++++ Recorded data ++++

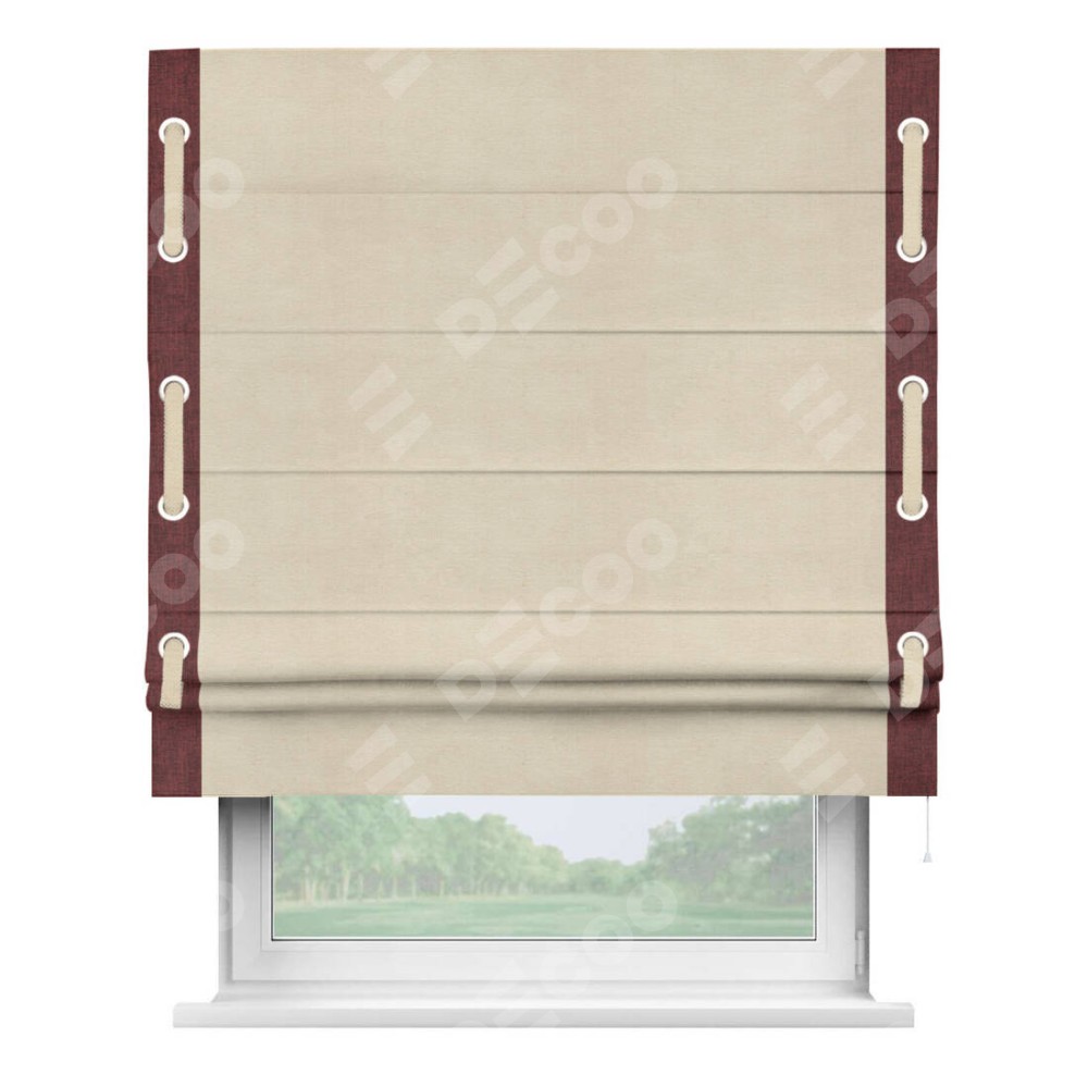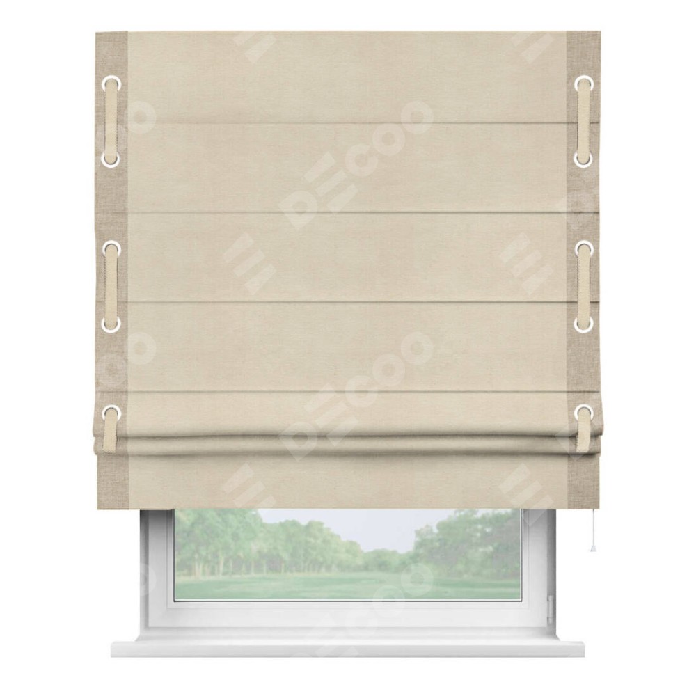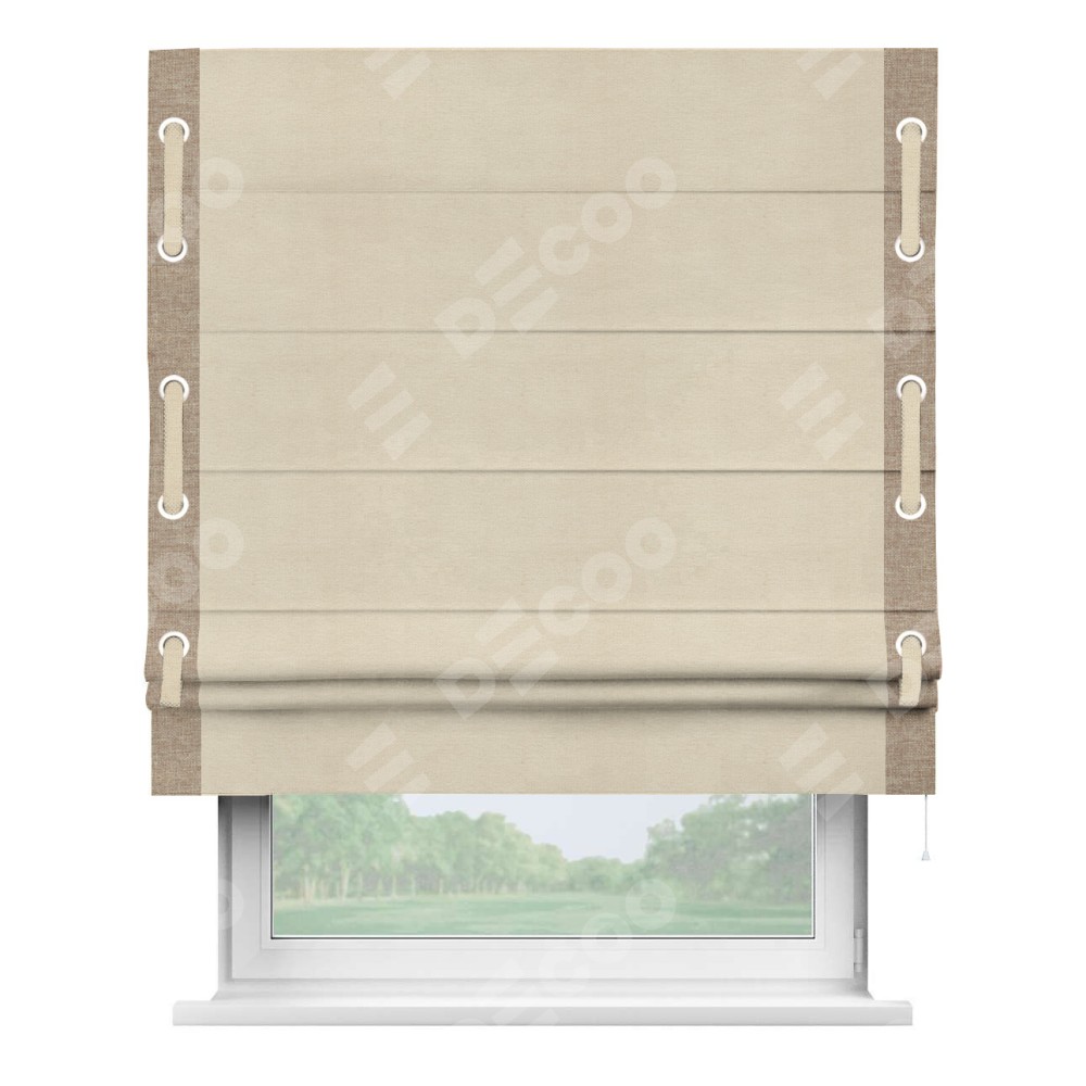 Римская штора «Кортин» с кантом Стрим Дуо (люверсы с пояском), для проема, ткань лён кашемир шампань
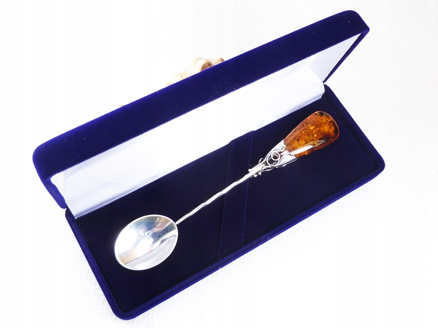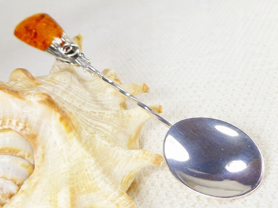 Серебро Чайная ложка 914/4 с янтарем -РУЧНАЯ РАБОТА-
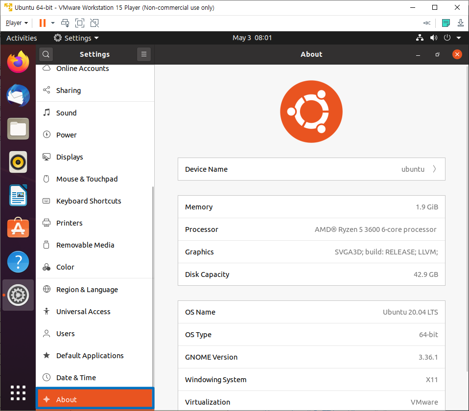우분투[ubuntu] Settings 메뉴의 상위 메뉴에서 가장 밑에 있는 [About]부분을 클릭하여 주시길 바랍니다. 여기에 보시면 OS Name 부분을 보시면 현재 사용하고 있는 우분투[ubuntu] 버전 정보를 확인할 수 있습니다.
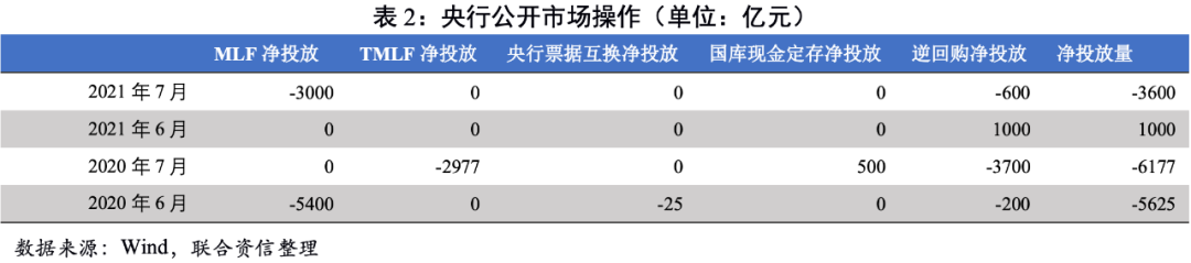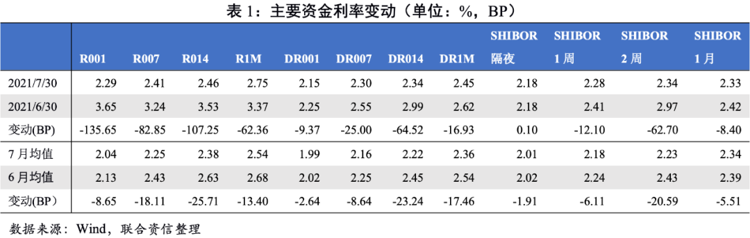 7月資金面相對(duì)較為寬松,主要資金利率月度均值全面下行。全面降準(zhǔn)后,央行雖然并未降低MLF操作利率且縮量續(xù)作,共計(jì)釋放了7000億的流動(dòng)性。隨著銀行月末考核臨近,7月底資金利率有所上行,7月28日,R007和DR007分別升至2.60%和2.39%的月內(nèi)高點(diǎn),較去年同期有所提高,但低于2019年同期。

++++

What the task asks: With the pictures removed, write the listing out word for word.

Solution to this task:
 Римская штора «Кортин» с кантом Стрим Дуо (люверсы с пояском), для проема, ткань лён кашемир шампань
 Серебро Чайная ложка 914/4 с янтарем -РУЧНАЯ РАБОТА-
우분투[ubuntu] Settings 메뉴의 상위 메뉴에서 가장 밑에 있는 [About]부분을 클릭하여 주시길 바랍니다. 여기에 보시면 OS Name 부분을 보시면 현재 사용하고 있는 우분투[ubuntu] 버전 정보를 확인할 수 있습니다.
 7月資金面相對(duì)較為寬松,主要資金利率月度均值全面下行。全面降準(zhǔn)后,央行雖然并未降低MLF操作利率且縮量續(xù)作,共計(jì)釋放了7000億的流動(dòng)性。隨著銀行月末考核臨近,7月底資金利率有所上行,7月28日,R007和DR007分別升至2.60%和2.39%的月內(nèi)高點(diǎn),較去年同期有所提高,但低于2019年同期。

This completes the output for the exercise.